AIM OF THE TASK:
Pictures stay out; everything else from the first line of the entries down through the line with "Την ερχόμενη Τετάρτη" gets copied exactly.

PROVIDED MATERIAL:
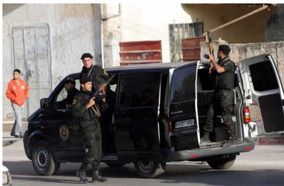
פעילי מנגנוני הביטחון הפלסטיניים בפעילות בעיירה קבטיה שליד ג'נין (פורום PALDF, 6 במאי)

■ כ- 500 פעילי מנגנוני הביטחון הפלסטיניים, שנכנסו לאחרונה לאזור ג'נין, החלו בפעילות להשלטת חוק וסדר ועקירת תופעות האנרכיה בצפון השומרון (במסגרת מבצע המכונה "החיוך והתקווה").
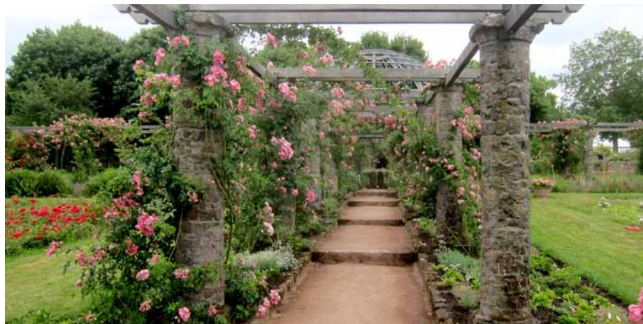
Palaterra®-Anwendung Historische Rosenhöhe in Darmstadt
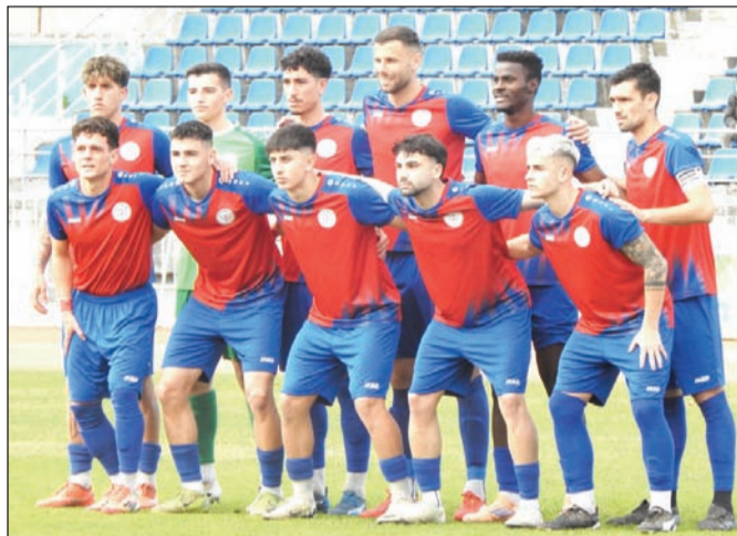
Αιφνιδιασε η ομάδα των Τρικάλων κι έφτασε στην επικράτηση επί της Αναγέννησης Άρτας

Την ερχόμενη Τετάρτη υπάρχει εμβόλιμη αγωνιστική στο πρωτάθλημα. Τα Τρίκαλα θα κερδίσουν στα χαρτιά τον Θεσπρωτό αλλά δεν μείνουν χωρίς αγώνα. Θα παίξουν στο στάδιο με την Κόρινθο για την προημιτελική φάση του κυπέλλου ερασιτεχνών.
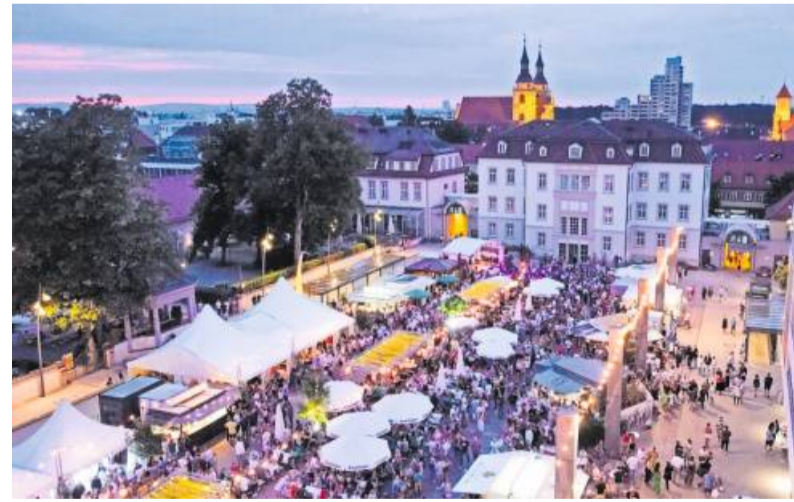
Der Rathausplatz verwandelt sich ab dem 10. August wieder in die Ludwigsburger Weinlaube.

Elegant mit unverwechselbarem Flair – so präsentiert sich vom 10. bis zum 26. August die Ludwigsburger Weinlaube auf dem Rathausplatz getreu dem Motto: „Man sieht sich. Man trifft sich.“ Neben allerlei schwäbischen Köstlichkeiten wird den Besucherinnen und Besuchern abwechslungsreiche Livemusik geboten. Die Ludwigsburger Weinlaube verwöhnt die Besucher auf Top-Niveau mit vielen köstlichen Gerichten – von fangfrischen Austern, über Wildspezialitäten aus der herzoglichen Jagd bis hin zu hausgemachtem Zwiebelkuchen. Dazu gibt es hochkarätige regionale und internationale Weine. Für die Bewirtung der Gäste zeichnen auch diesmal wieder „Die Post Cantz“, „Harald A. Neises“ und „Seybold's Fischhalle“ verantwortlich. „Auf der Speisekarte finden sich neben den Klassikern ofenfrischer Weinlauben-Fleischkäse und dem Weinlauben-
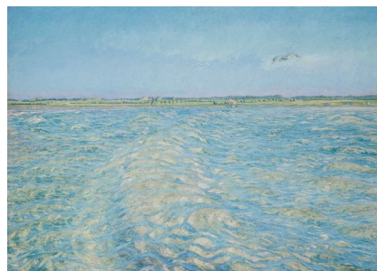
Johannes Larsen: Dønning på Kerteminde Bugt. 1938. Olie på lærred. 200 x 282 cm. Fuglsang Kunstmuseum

REPLY TO THE EXERCISE:
פעילי מנגנוני הביטחון הפלסטיניים בפעילות בעיירה קבטיה שליד ג'נין (פורום PALDF, 6 במאי)

■ כ- 500 פעילי מנגנוני הביטחון הפלסטיניים, שנכנסו לאחרונה לאזור ג'נין, החלו בפעילות להשלטת חוק וסדר ועקירת תופעות האנרכיה בצפון השומרון (במסגרת מבצע המכונה "החיוך והתקווה").
Palaterra®-Anwendung Historische Rosenhöhe in Darmstadt
Αιφνιδιασε η ομάδα των Τρικάλων κι έφτασε στην επικράτηση επί της Αναγέννησης Άρτας

Την ερχόμενη Τετάρτη υπάρχει εμβόλιμη αγωνιστική στο πρωτάθλημα. Τα Τρίκαλα θα κερδίσουν στα χαρτιά τον Θεσπρωτό αλλά δεν μείνουν χωρίς αγώνα. Θα παίξουν στο στάδιο με την Κόρινθο για την προημιτελική φάση του κυπέλλου ερασιτεχνών.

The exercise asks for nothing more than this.